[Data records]
· · · ·

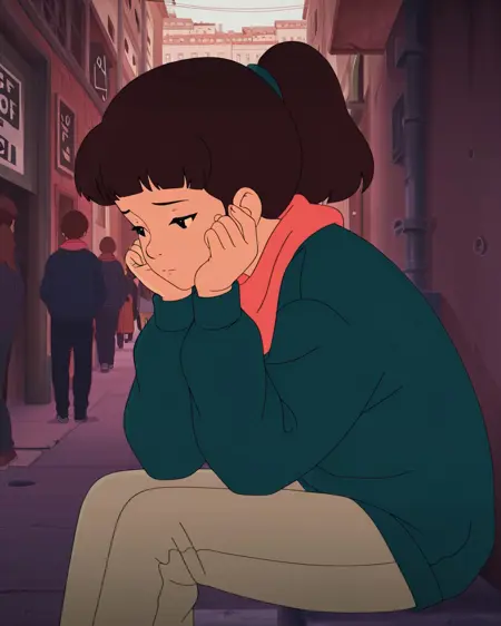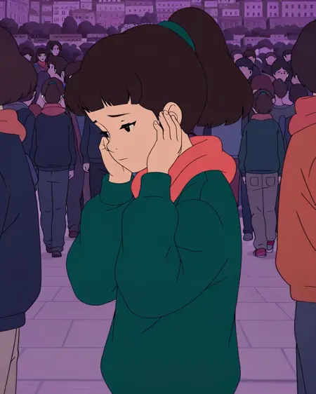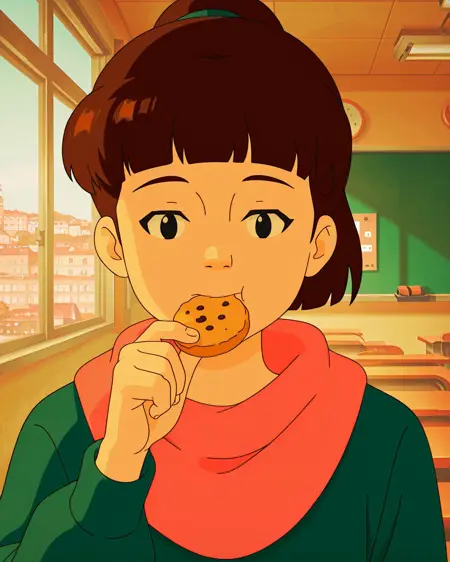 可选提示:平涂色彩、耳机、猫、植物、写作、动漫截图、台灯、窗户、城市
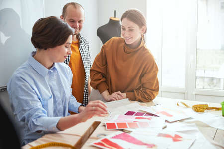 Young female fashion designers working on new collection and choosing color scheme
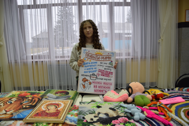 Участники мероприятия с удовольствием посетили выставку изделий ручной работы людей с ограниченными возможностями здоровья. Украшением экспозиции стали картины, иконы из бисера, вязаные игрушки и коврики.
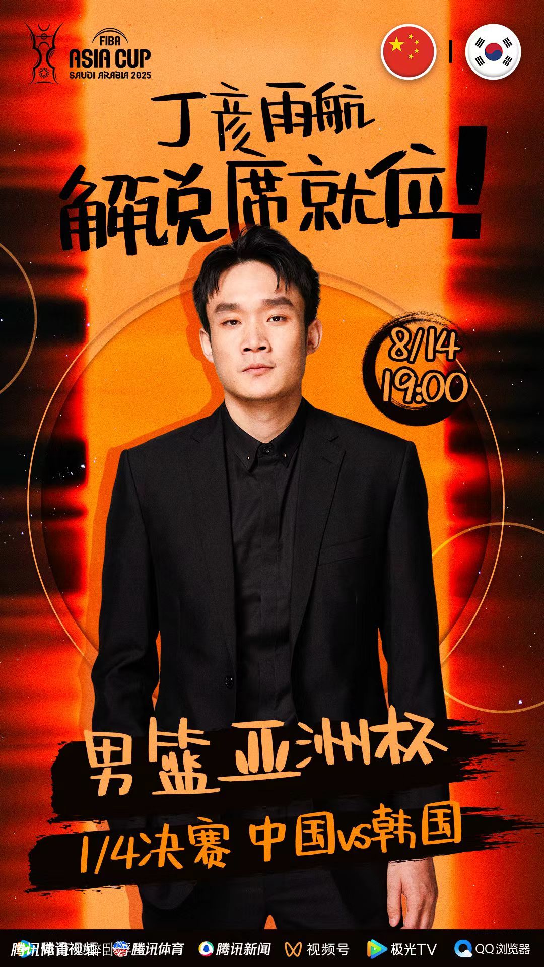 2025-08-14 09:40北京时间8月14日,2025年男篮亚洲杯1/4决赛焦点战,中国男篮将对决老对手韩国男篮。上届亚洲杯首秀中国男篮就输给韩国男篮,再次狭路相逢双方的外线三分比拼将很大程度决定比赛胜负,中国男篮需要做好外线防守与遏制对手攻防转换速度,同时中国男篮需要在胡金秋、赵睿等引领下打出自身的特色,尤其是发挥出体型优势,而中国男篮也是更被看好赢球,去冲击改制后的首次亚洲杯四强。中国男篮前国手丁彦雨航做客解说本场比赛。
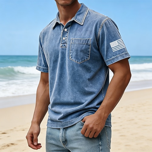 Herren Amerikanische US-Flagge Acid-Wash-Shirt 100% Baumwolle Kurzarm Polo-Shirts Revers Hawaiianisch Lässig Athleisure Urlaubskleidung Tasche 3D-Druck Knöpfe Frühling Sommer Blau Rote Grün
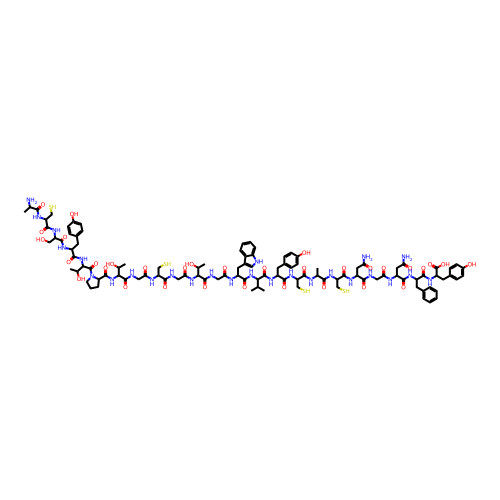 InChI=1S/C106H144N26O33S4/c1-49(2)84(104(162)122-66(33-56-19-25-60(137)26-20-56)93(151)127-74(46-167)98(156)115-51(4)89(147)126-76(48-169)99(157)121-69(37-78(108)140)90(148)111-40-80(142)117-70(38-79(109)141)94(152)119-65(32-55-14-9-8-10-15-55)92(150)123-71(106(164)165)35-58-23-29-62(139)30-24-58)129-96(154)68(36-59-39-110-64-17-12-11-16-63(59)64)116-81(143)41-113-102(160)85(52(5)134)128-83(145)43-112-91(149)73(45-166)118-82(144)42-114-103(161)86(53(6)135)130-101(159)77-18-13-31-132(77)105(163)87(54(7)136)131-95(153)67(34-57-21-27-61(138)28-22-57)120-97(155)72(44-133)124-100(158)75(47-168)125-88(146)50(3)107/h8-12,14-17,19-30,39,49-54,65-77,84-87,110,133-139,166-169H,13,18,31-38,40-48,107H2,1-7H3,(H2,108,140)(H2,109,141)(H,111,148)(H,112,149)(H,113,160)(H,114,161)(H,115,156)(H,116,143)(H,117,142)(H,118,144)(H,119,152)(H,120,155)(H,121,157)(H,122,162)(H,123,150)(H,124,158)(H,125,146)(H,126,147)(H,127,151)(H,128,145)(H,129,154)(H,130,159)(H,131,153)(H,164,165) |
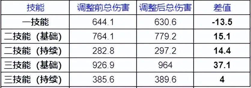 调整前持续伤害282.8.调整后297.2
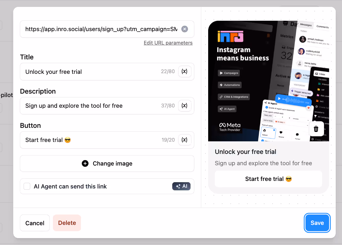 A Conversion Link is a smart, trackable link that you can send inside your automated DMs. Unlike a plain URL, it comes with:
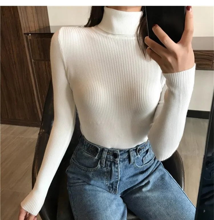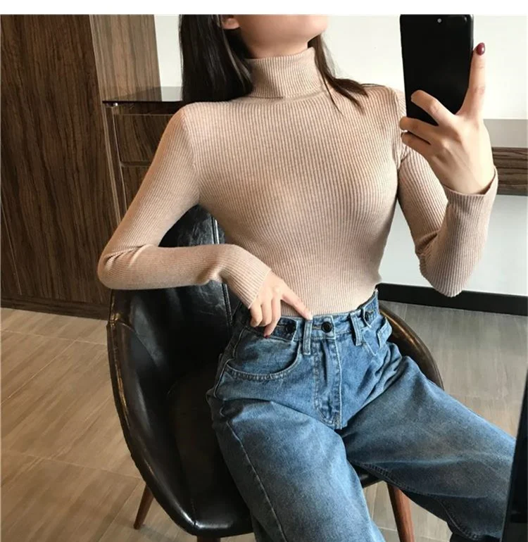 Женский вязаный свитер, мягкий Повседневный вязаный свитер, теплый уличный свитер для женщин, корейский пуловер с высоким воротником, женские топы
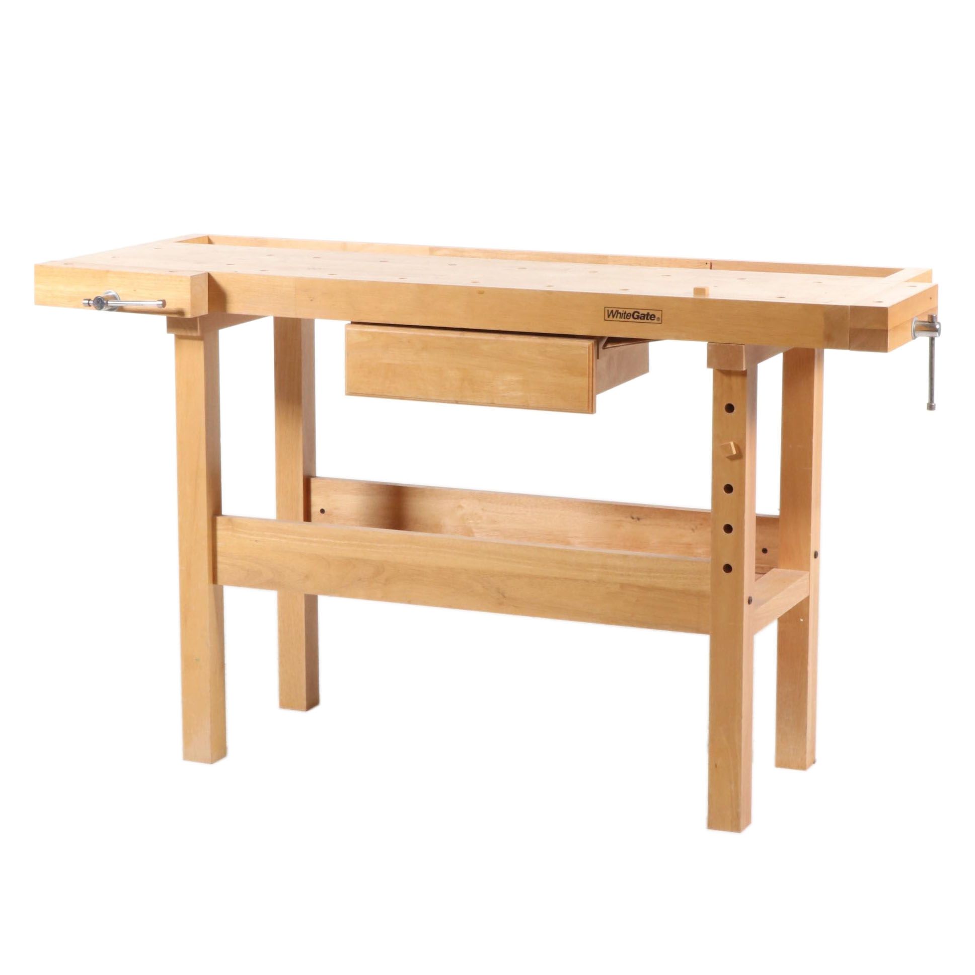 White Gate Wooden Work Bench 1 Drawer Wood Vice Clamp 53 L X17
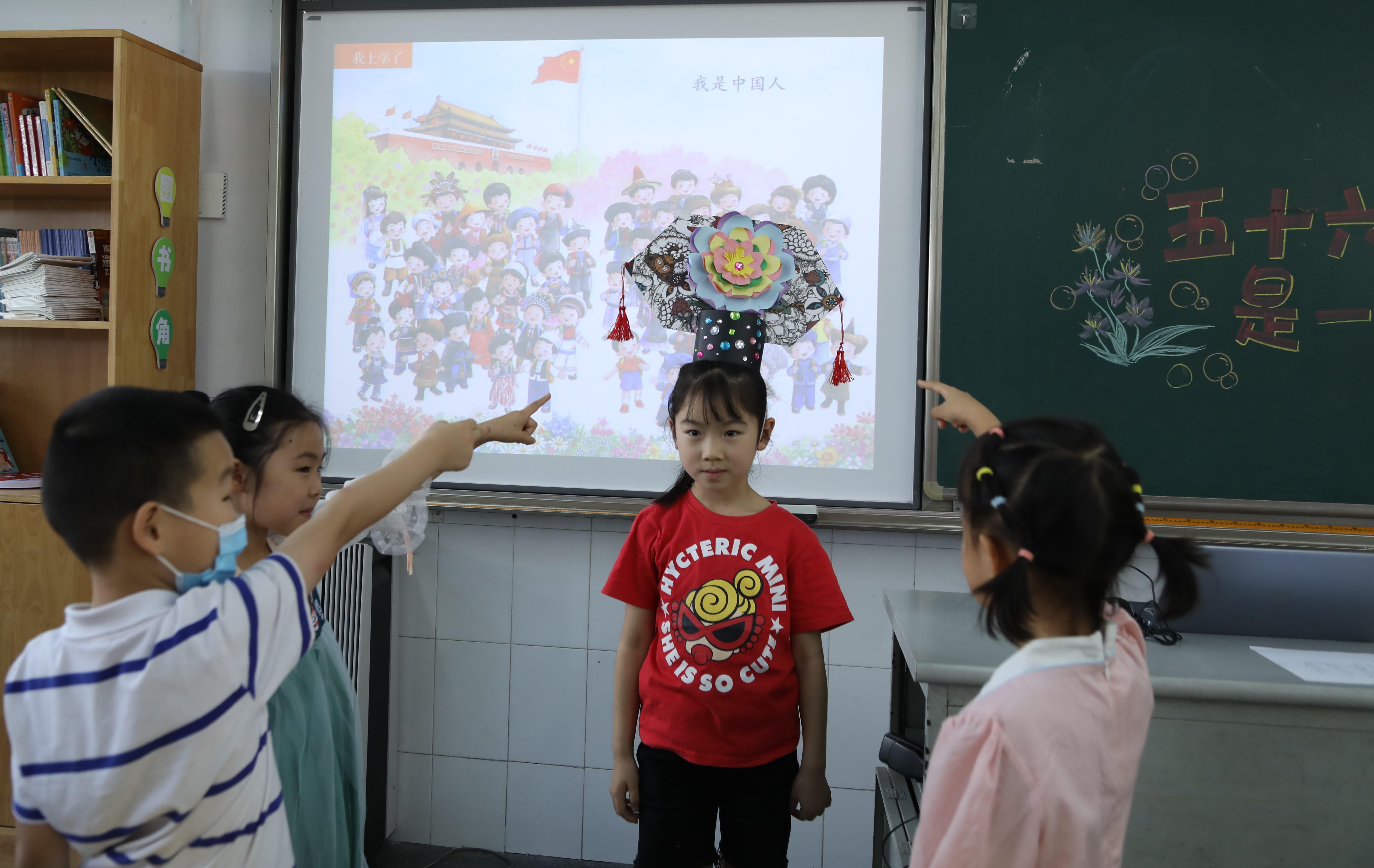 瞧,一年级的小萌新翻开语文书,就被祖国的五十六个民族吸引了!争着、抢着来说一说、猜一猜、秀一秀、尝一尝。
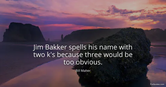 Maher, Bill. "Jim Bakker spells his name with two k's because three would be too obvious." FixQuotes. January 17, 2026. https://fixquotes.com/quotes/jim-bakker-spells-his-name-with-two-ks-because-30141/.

· · · ·

**EXERCISE**
Leave out the pictures. Transcribe only the lines above, from the first through the one that contains "Участники мероприятия с".

**ANSWER BOX**
 可选提示:平涂色彩、耳机、猫、植物、写作、动漫截图、台灯、窗户、城市
 Young female fashion designers working on new collection and choosing color scheme
 Участники мероприятия с удовольствием посетили выставку изделий ручной работы людей с ограниченными возможностями здоровья. Украшением экспозиции стали картины, иконы из бисера, вязаные игрушки и коврики.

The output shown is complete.